Behind that, he said, comes a vast scale of computing power based on cheap, no-name hardware that is prone to failure. There are hardware malfunctions not just once, but time and time again, many times a day.
Yes, that's right, Google is built on imperfect hardware. The magic is writing software that accepts that hardware will fail, and expeditiously deals with that reality, says Hölzle.
Google indexes over four billion Web pages, using an average of 10KB per page, which comes to about 40TB. Google is asked to search this data over 1,000 times every second of every day, and typically comes back with sub-second response rates. If anything goes wrong, said Hölzle, "you can't just switch the system off and switch it back on again."
The job is not helped by the nature of the Web. "In academia," said Hölzle, "the information retrieval field has been around for years, but that is for books in libraries. On the Web, content is not nicely written -- there are many different grades of quality."

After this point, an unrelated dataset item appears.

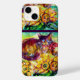 Färgfull, uttrycksfull katt med solblommor akrylmålning av Bulgan Lumini.

Some, he noted, may not even have text. "You may think we don't need to know about those but that’s not true -- it may be the home page of a very large company where the Webmaster decided to have everything graphical. The company name may not even appear on the page."
Google deals with such pages by regarding the Web not as a collection of text documents, but a collection of linked text documents, with each link containing valuable information.
"Take a link pointing to the Stanford university home page," said Hölzle. "This tells us several things: First, that someone must think pointing to Stanford is important. The text in the link also gives us some idea of what is on the page being pointed to. And if we know something about the page that contains the link we can tell something about the quality of the page being linked to."
This knowledge is encapsulated in Google's famous PageRank algorithm, which looks not just at the number of links to a page but at the quality or weight of those links, to help determine which page is most likely to be of use, and so which is presented at the top of the list when the search results are returned to the user. Hölzle believes the PageRank algorithm is 'relatively' spam resistant, and those interested in exactly how it works can find more information here.
Obviously it would be impractical to run the algorithm once every page for every query, so Google splits the problem down.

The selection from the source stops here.